To a solution of 510 mg (2.5 mmol) of 1-isocyanato-3,5-dimethyladamantane (n = 0) in 10 ml of dimethylformamide was added a solution of 410 mg (2.5 mmol) of 1-aminomethyladamantane in 5 ml of dimethylformamide (molar ratio 1: 1:78) at a temperature of 15-25 ° C. After stirring for 4 hours, the crystalline precipitate was filtered off and washed with 50 ml of water and then 30 ml of ethyl acetate. The resulting solid was dried in vacuo. Received 880 mg (2.4 mmol, 96%), a white solid. Mp > 300 ° C. Mass spectrum, m / z ( _Irel ,%): 370 (15%, [M] ⁺ ), 355 (100%, [M-CH ₃ ] ⁺ ), 265 (43%), 190 (26% ), 179 (30%, [Ad (CH ₃ ) ₂ NH] ⁺ ), 164 (41%), 163 (99%, [Ad (CH ₃ ) ₂ ] ⁺ ), 149 (26%, [AdCH ₂ ] ⁺ ), 135 (53%, [Ad] ⁺ ), 108 (85%), 107 (50%), 93 (44%), 78 (39%). 1Н NMR spectrum δ, ppm: 0.79-1.65 m (34Н, Ad, Ad (CH ₃ ) ₂ ); 2.04 q (2H, 2NH); 2.75 d (2H, CH ₂ ).

Example 6

Preparation of 1- [3,5-dimethyl (adamant-1-yl)] - 3- [2-nitrilo (adamant-2-yl)] - urea

To a solution of 510 mg (2.5 mmol) of 1-isocyanato-3,5-dimethyladamantane (n = 0) in 10 ml of dimethylformamide was added a solution of 440 mg (2.5 mmol) of 2-amino-2-cyanoadamantane in 5 ml of dimethylformamide ( molar ratio 1: 1: 78) at a temperature of 15-25 ° C. After stirring for 4 hours, the crystalline precipitate was filtered off and washed with 50 ml of water and then 30 ml of ethyl acetate. The resulting solid was dried in vacuo. Received 910 mg (2.4 mmol, 96%), a white solid. Mp 200-202 ° C. Mass spectrum, m / z ( _Irel ,%): 383 (4%, [M + 2H] ⁺ ), 355 (1%, [M-CN] ⁺ ), 205 (22%, [M-Ad (CN) NH] ⁺ ), 177 (26%, [Ad (CH ₃ ) ₂ NH] ⁺ ), 164 (36%), 163 (45%, [Ad (CH ₃ ) ₂ ] ⁺ ), 150 (100 %, [AdNH] ⁺ ), 134 (41%, [Ad-2H] ⁺ ), 107 (70%), 91 (78%), 80 (85%). 1Н NMR spectrum δ, ppm: 0.80-1.90 m (33Н, Ad, Ad (CH ₃ ) ₂ ); 2.00-2.06 t (2H, 2NH).

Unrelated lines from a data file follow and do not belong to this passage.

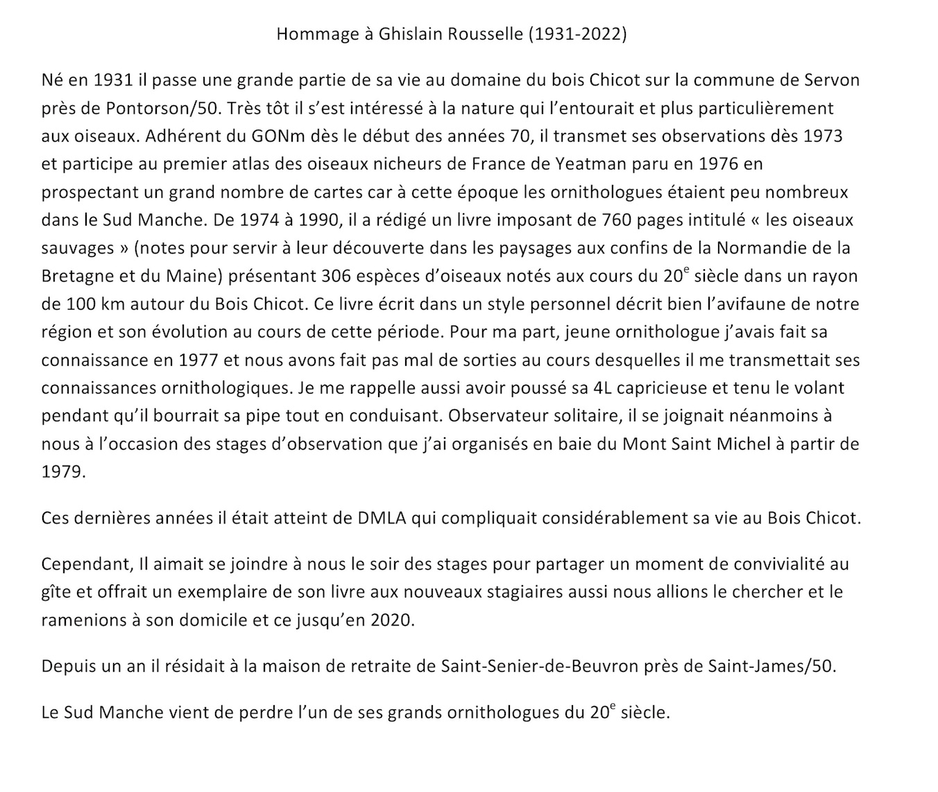 Il n'y a pas de rubrique nécrologique sur ce forum, simplement parce que lorsque l'un de nous décède, sa mémoire reste attachée à la vie archivée de l'association. C'est le cas de Monsieur Rousselle. Il résidait à Servon, dans une région de prairies humides dont il connaissait bien l'avifaune avant leur "mise en valeur" agricole .
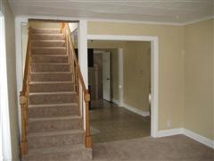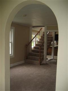 This is the best rehabbed of the homes we saw, unfortunately the stairs were moved to a central location that took away from the living and dining spaces, and the detail work was only moderate in quality. The home has a number of newer features, from the front door to the carpet and paint to the windows. There are three rooms upstairs, and a clean, recently painted basement. The main floor has a kitchen of moderate size without appliances. The dining space would be an asset if the staircase didn’t intrude into it and the living room.
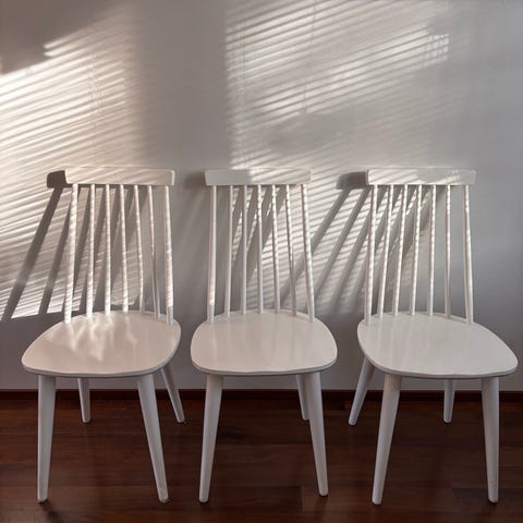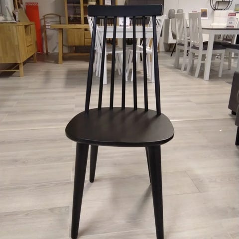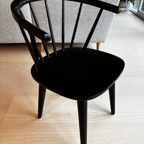 Myydään neljän Rowico Lotta pinnatuolin setti mustalla kiiltävällä lakalla. Tuoleissa on pieniä jälkiä lakatulla pinnalla, kahden tuolin selkänojan pinnat hieman heiluvat, mutta muuten tukevat, puhtaat ja mukavat istua.
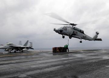 | Keywords: US Navy 110423-N-SG869-047 Logistics Specialist Seaman Immanuel Carter and Logistics Specialist 1st Class Kristopher Forest hook a load onto an SH.jpg en PACIFIC OCEAN April 23 2011 Logistics Specialist Seaman Immanuel Carter from Los Angeles and Logistics Specialist 1st Class Kristopher Forest from Watts Calif hook a load onto an SH-60H Sea Hawk helicopter assigned to the Black Knights of Helicopter Anti-Submarine Squadron HS 4 aboard the aircraft carrier USS Ronald Reagan CVN 76 during a vertical replenishment Ronald Reagan is operating in the Pacific Ocean U S Navy photo by Mass Communication Specialist 2nd Class Josh Cassatt/Released 2011-04-23 110423-N-SG869-047 Navy http //www navy mil/view_image asp id 100232 U S Navy photo by Mass Communication Specialist 2nd Class Josh Cassatt PD-USGov-Military-Navy USS Ronald Reagan CVN-76 underway replenishment Logistics Specialist SH-60F Oceanhawk Helicopter Anti-Submarine Squadron 4 United States Navy Vertical replenishment |

Thus, the above information indicates the fulfillment of the following set of conditions when using the claimed invention:

- a tool embodying the claimed invention in its implementation, is intended for use in various industries;

- for the claimed invention in the form as described in the independent clause of the claims below, the possibility of its implementation using the above or known means and methods is confirmed;

- a tool embodying the claimed invention in its implementation, is able to ensure the achievement of a technical result.

Therefore, the claimed invention meets the requirement of "industrial applicability".

Claims (1)

The method of obtaining 1,3-disubstituted urea derivatives of 1,3-dimethyladamantane of the General formula:

where n = 0, 1

consisting in the interaction of isocyanate of the General formula:

where n = 0, 1,
with amines selected from the series: 1,2-ethylenediamine, piperidine, 1-aminomethyladamantane, 2-amino-2-cyanoadamantane and 2-aminoethanol, at a temperature of 0-25 ° C for 3-8 hours in dimethylformamide at a molar ratio of isocyanate : amine: dimethylformamide 1: 1.1-7.2: 65-107 and the isolation of the target product.